> PROBLEM TO SOLVE
Every line of the listing below should be written out exactly, minus its pictures.

> DATA BELOW
Content starts

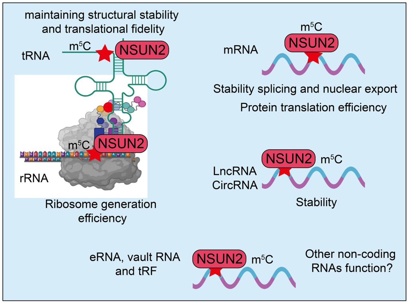 Figure 1. Regulatory roles of NSUN2-mediated m5C modification across different RNA types. NSUN2 exerts predominantly positive regulatory effects on RNA metabolism. In tRNAs, NSUN2-catalyzed m5C modification maintains structural stability and promotes translational fidelity. In rRNAs, NSUN2 enhances ribosome biogenesis and translational efficiency. For mRNAs, NSUN2-mediated methylation increases RNA stability, facilitates splicing and nuclear export, and promotes protein translation. Similarly, NSUN2-induced m5C modification on long non-coding RNAs (lncRNAs) and circular RNAs (circRNAs) enhances transcript stability. NSUN2 may also positively regulate the function and stability of other non-coding RNAs, such as enhancer RNAs (eRNAs), vault RNAs, and tRNA-derived fragments (tRFs). Collectively, NSUN2 acts as a positive post-transcriptional regulator that promotes RNA stability and translation across diverse RNA species.
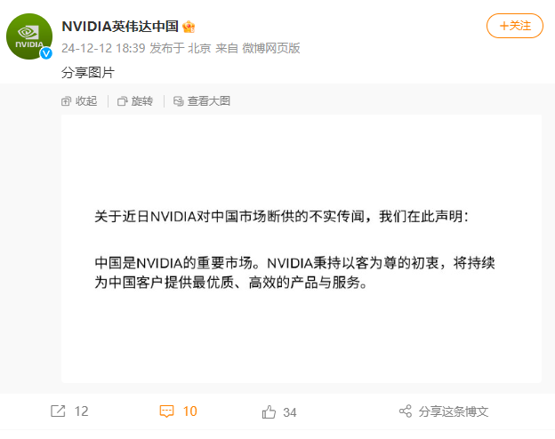 英伟达中国官方声明称,有关公司断供中国的传闻不实,中国是NVIDIA的重要市场,未来将持续提供高质量服务。
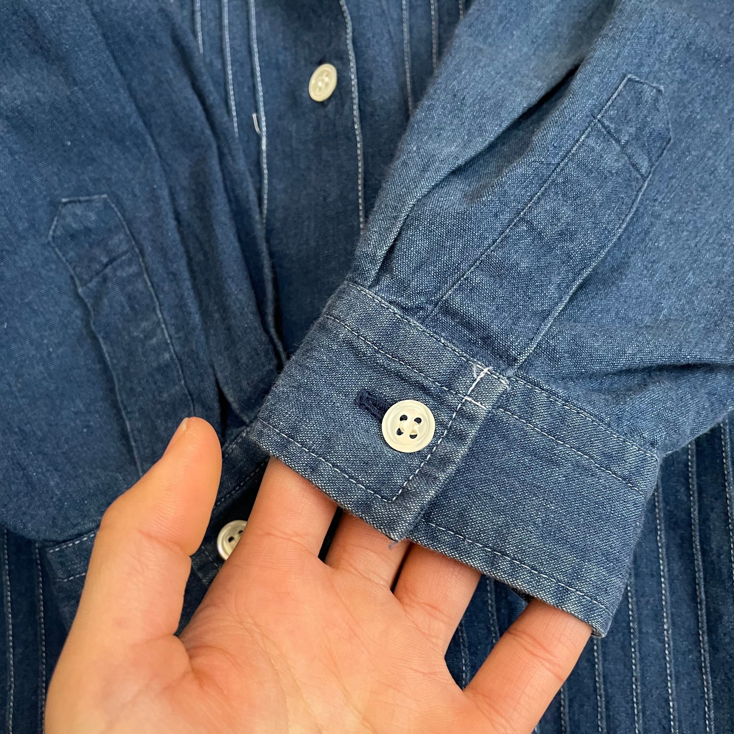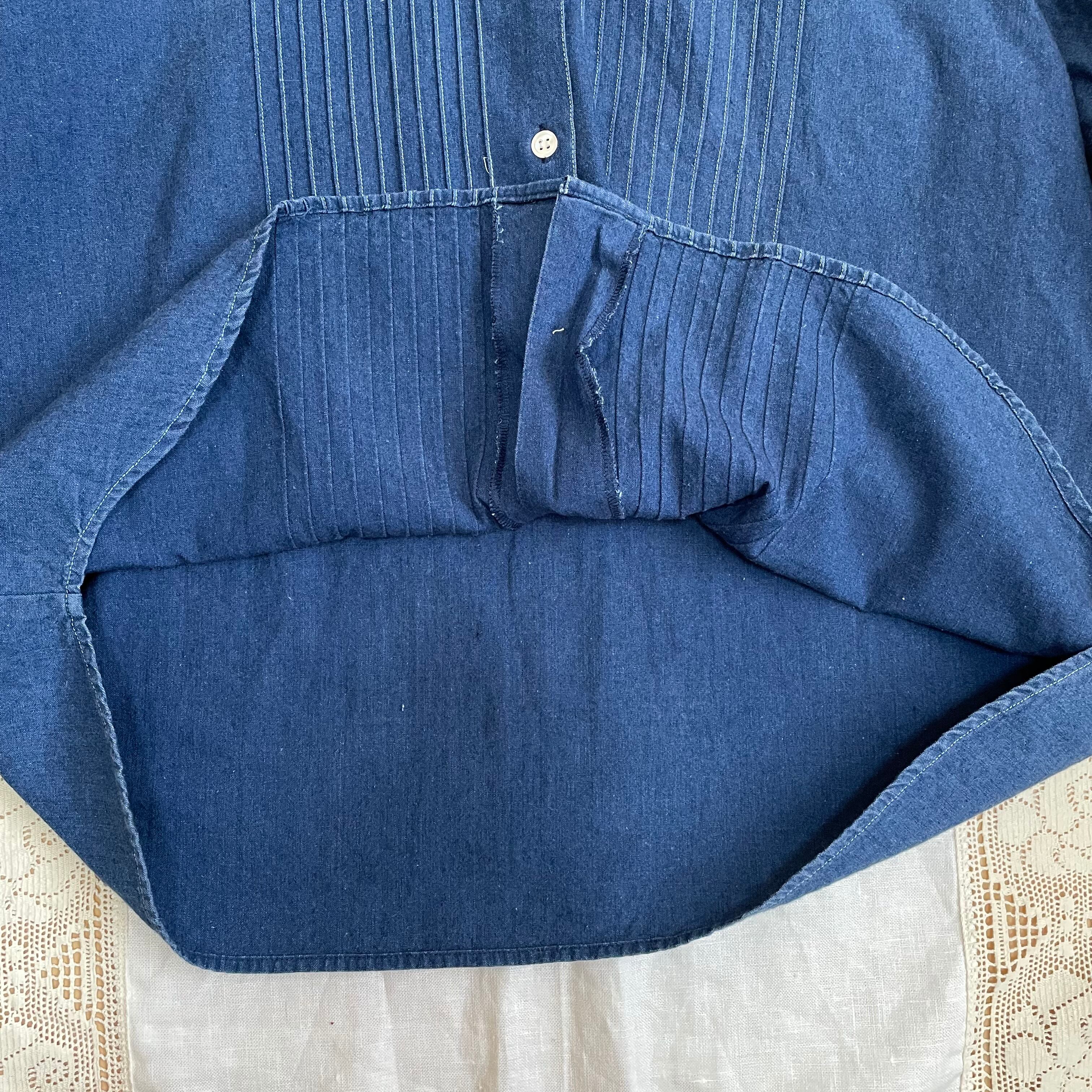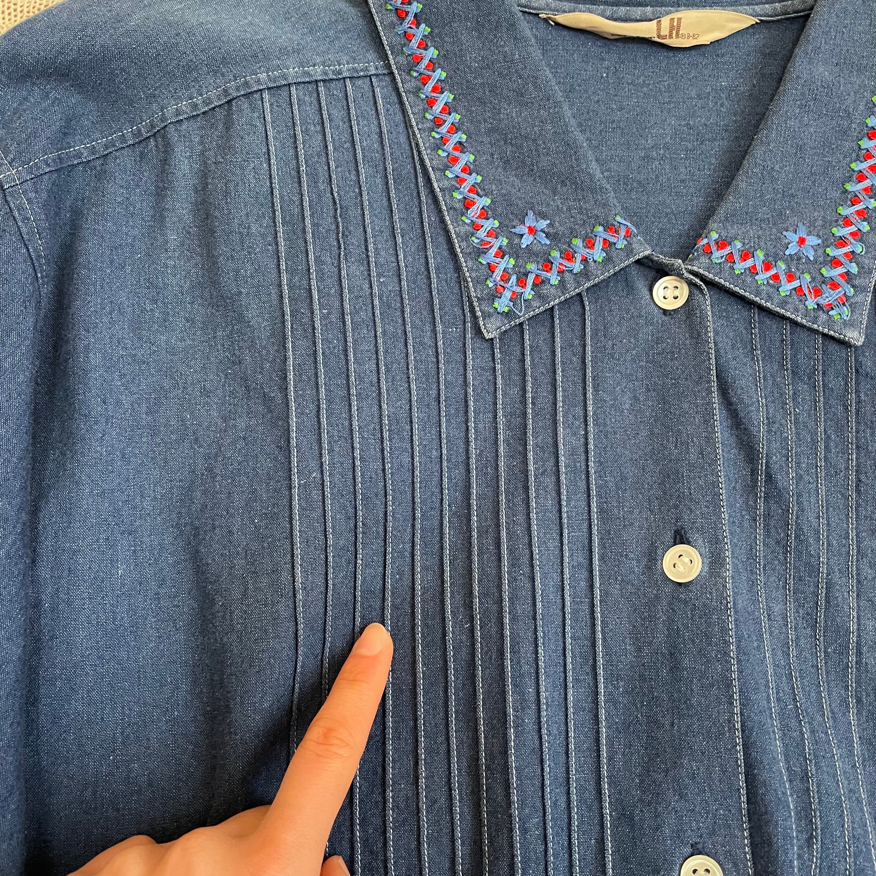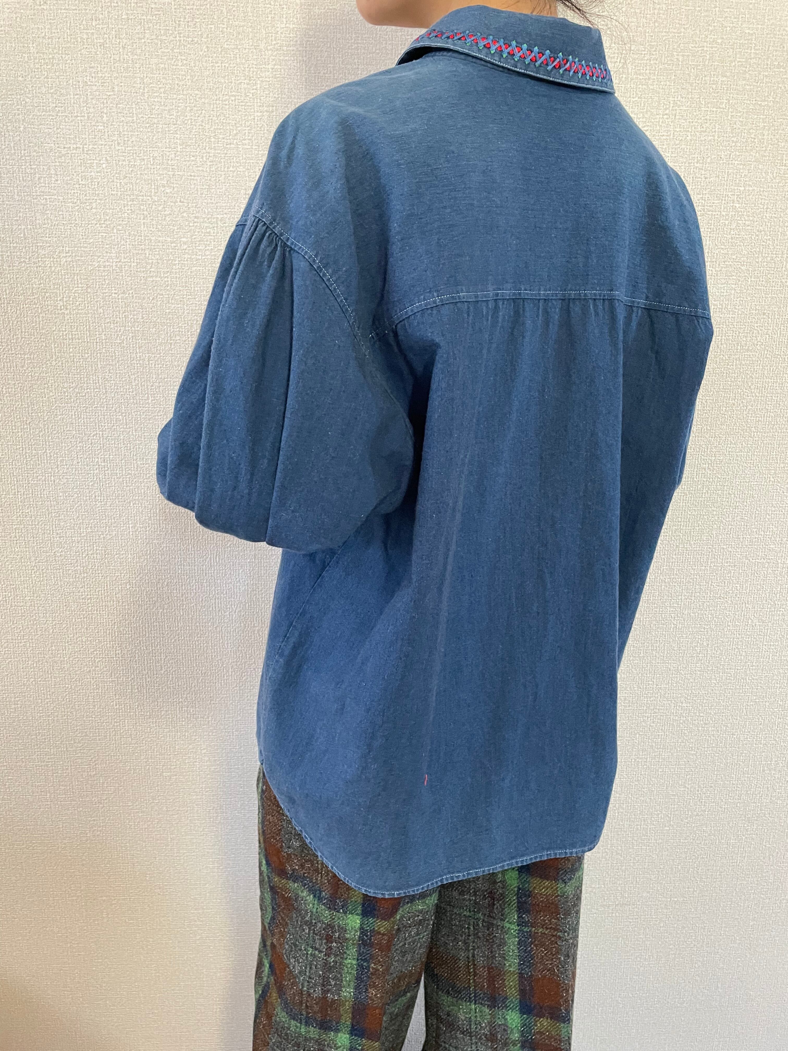 pleated denim shirt デニムシャツ 古着 レトロ 東京ブラウス 刺繍 ブルー GM175
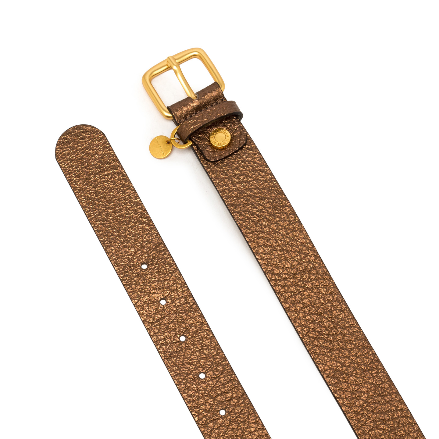 Flat belt with refined, minimalist lines, ideal for completing both casual and elegant outfits. Made from maxi-grain leather, it is enriched with a logoed buckle adorned with a charming logoed pendant.

Content ends

> SOLUTION BELOW
 Figure 1. Regulatory roles of NSUN2-mediated m5C modification across different RNA types. NSUN2 exerts predominantly positive regulatory effects on RNA metabolism. In tRNAs, NSUN2-catalyzed m5C modification maintains structural stability and promotes translational fidelity. In rRNAs, NSUN2 enhances ribosome biogenesis and translational efficiency. For mRNAs, NSUN2-mediated methylation increases RNA stability, facilitates splicing and nuclear export, and promotes protein translation. Similarly, NSUN2-induced m5C modification on long non-coding RNAs (lncRNAs) and circular RNAs (circRNAs) enhances transcript stability. NSUN2 may also positively regulate the function and stability of other non-coding RNAs, such as enhancer RNAs (eRNAs), vault RNAs, and tRNA-derived fragments (tRFs). Collectively, NSUN2 acts as a positive post-transcriptional regulator that promotes RNA stability and translation across diverse RNA species.
 英伟达中国官方声明称,有关公司断供中国的传闻不实,中国是NVIDIA的重要市场,未来将持续提供高质量服务。
 pleated denim shirt デニムシャツ 古着 レトロ 東京ブラウス 刺繍 ブルー GM175
 Flat belt with refined, minimalist lines, ideal for completing both casual and elegant outfits. Made from maxi-grain leather, it is enriched with a logoed buckle adorned with a charming logoed pendant.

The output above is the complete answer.